Dealing with Predictors when decoding PDFs

I've seen a lot of questions about how to "unpredict" Xref streams. The answer usually goes something like "RTFM!"

Well, I have R'd the FM, and it's still complicated. So, to save others the pain I've gone through, here's a slightly more detailed rundown.

A great blog explaining how PNG prediction works (which, yes, can be applied to text) is here:

http://www.atalasoft.com/cs/blogs/rickm/archive/2008/05/02/using-png-p redictors-to-enhance-gzip-pkzip-flate-compression.aspx

A fun fact not covered in the blog: PNG prediction happens bottom-up, so when you decode you need to run your algorithm top-down.

Basic steps:

Assuming you've already decoded (inflated, un-gzipped or whatever) the string...

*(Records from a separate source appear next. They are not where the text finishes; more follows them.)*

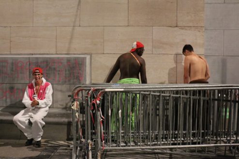 Dans la fosse, les esprits s’échauffent, le pogot s’invite, ça danse de toute part. La sécurité est sur les dents. Elle a peur des débordements. Un groupe de trois jeunes gars se promène torse nu. Ils se font alpaguer par les gars de la sécurité afin qu’ils se rhabillent décemment. Un torse nu, c’est mal.
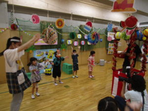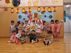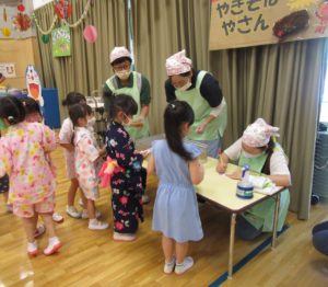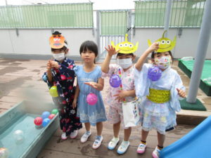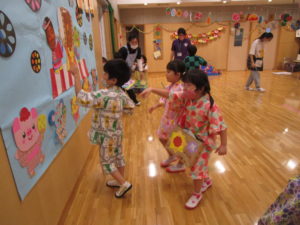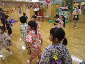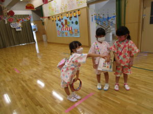 楽しみにしていた『なつまつり』。家族の方と一緒に作った手作りバックに、手作りうちわとスタンプカードを入れて出発!!風鈴のゲートをくぐり抜けて会場に入ると「輪投げ」「ボーリング」「的当て」などなど、たくさんのコーナーがみんなを迎えてくれました。スタンプカードにシールを貼ってもらいつぎのコーナーへ、お土産でバックがいっぱいになりました。スイカ割りではちょびりヒビがはいるだけで割ることはできませんでしたが、これも楽しい思い出になるでしょう。お昼寝もホールで行いました。そして、天井には大きな花が咲き、歓声をあげるA組さんでした。保護者の皆様にはバック作り、うちわのご用意、ペットボトルの加工などのご協力ありがとうございました。たくさんの思い出をつくることができました。
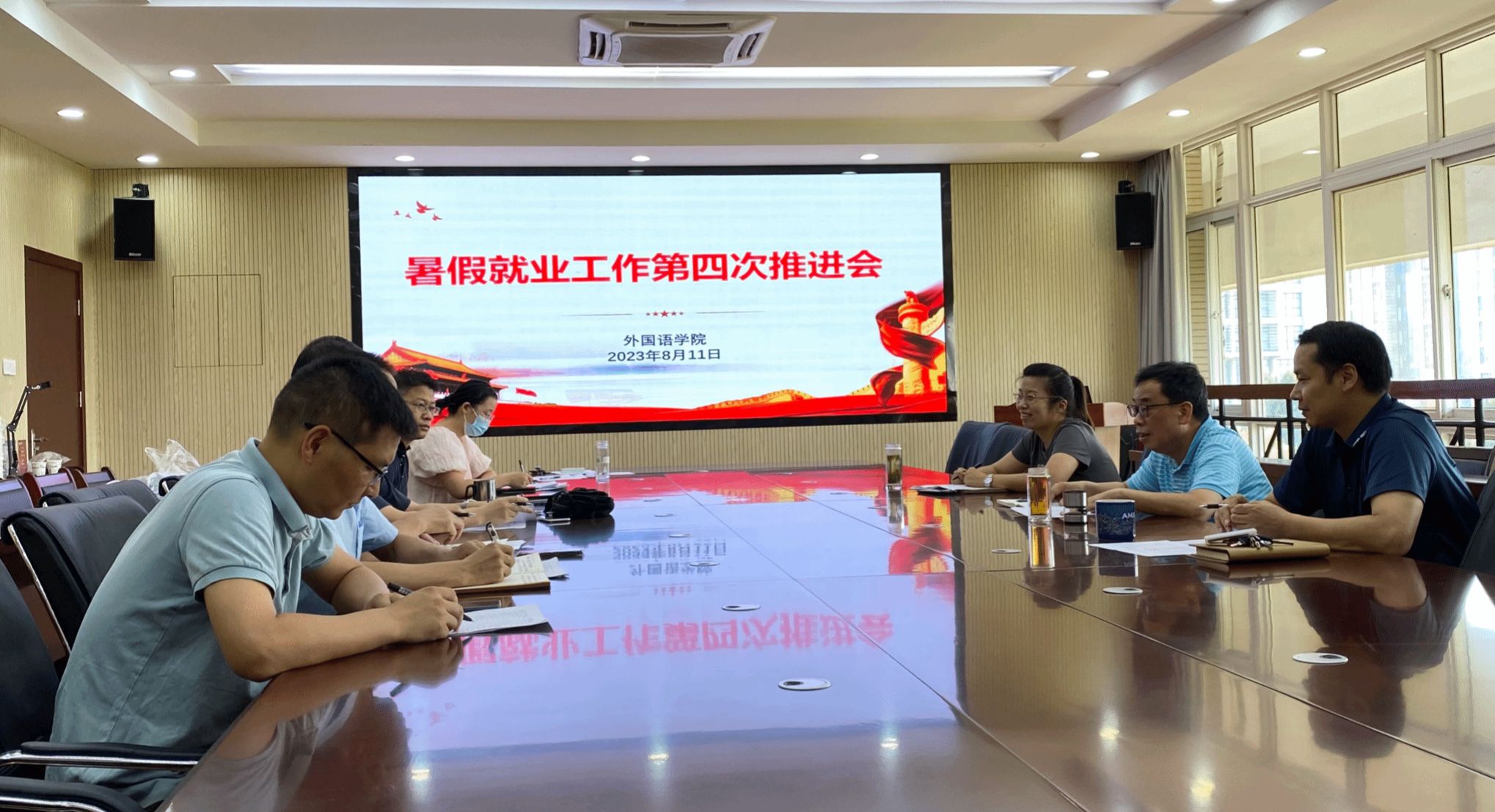8月11日下午,外国语学院在外语楼506会议室召开暑假就业工作第四次推进会,院党委书记何如海、副院长许宗瑞、各系(部)主任、2023届毕业生辅导员等参加会议,会议由党委副书记姬惠惠主持。

You'll need to know the predictor type and the column width, at a bare minimum. This is provided in the Xref stream dictionary.

-Predictor type will be /Predictor in the /DecodeParms subdictionary. Usually this is 12 (PNG Up prediction)

-Column width will be /W. Usually this is [1 2 1]

Armed with this information:

1) Strip off the last 10 characters of the string. This is the CRC and is unnecessary to extract the raw data.

2) Sum up the column widths. For the example above [1 2 1] would be 4. This is one less than the number of bytes in each row.

3) Split the string into rows by the column width: sum+1, or in our example, 5.

4) The first byte on the row will be the predictor type. You can actually change the predictor line-by-line, though I haven't seen an example of this actually happening. For PNG Up prediction (12, as above), the first byte should be 0x02. You should either strip this off (i.e. assume all lines use the same prediction), or write code to change the algorithm based on this number. The simpler solution, albeit potentially hazardous for your reader, is to strip it off.

5) Either way, you should now have a row equal to the <width> (4 in our example). You now convert the row byte-by-byte. Since PNG Up unprediction works top-down, the first row is already effectively decoded. I create a "prevRow" array with <width> rows, filled with zeroes.

6) Loop through each row, and within that loop loop through each byte in the row. Convert the byte from binary to int and add it to the same byte in the previous row. Pseudocode: unpredictedByte = prevRow[currrentByte] + row[currentByte]

7) Convert the int back to binary. You'll see why in a second.

8) Once you have all your rows unpredicted, loop through them again, splitting them into binary strings based on the W parameter. In our example: 1 2 1. I.e. the first string is 1 byte, the second string is 2 bytes, the third string is 1 byte.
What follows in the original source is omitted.